This R package provides functions to facilitate the transformation of environmental DNA (eDNA) occurrence data into the Darwin Core Archive (DwC-A) format and publishing via the Global Biodiversity Information Facility (GBIF) Integrated Publishing Toolkit (IPT). It is aimed to be an end-to-end workflow primarily focused for holders of eDNA data looking for more automated solutions to publishing eDNA data to GBIF.
- The workflow can be run:
- Interactively via a terminal session with prompts.

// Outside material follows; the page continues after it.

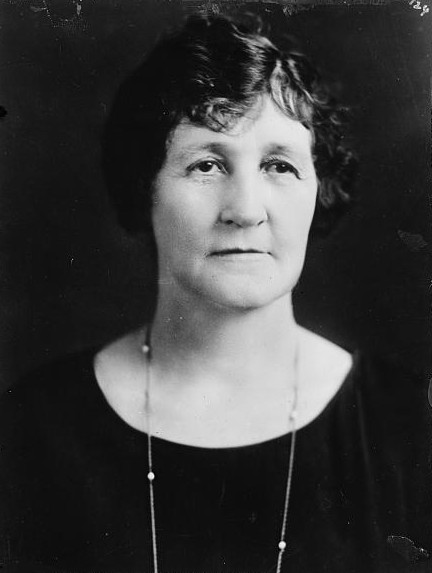 Miriam Amanda Wallace Ferguson (1875 - 1961), American politician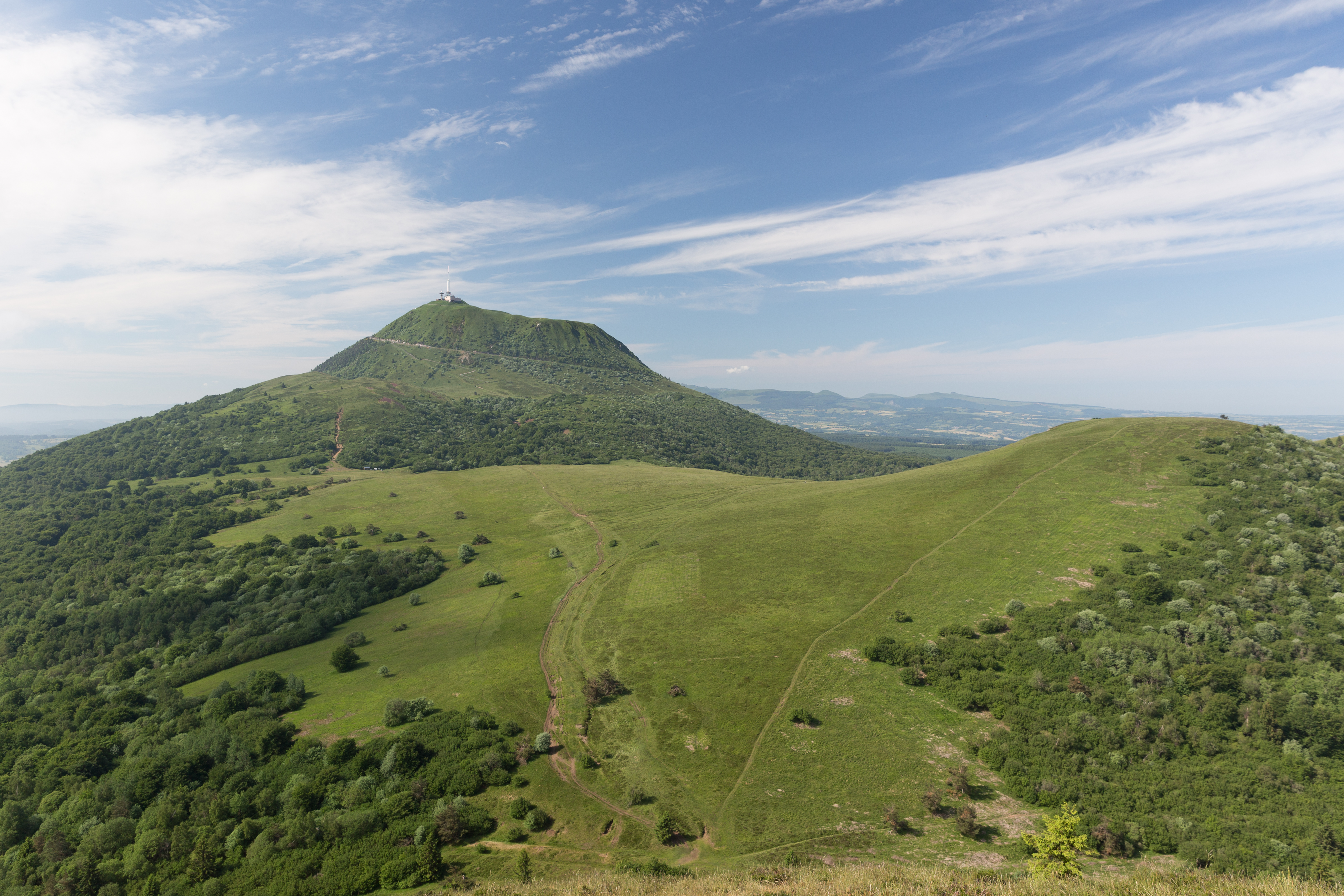 Northern slope of the puy de Dôme seen from the puy Pariou in Auvergne, France.

- Programmatically by calling functions with parameters in your own R scripts.
- Data can be exported and re-imported at various stages. Primary output is the DwC-A archive, but intermediate data frames can also be exported for advanced users.
- Import data directly from Wilderlab using their API (requires user authentication).
- Load data from CSV files in Wilderlab’s multi-file format.
- Load data from a single CSV files with user-specified column mappings.
- Rename columns to match Darwin Core terms using:
- Default mappings for Wilderlab data.
- User-supplied mappings.
- Check for required columns and validate data types.
- Standardise taxonomic names using GBIF’s backbone taxonomy.
- Suggest recommended GBIF fields if missing.
- Generate a summary table highlighting issues and data completeness.
Create a fully compliant DwC-A .zip file, including:
- Core occurrence file (CSV).
- Optional Extended Measurement or Facts file (CSV).
- Optional DNA extension file (CSV).
- Meta file (XML) describing file structure and term mappings.
- EML metadata file (XML) with dataset, sampling, and author details.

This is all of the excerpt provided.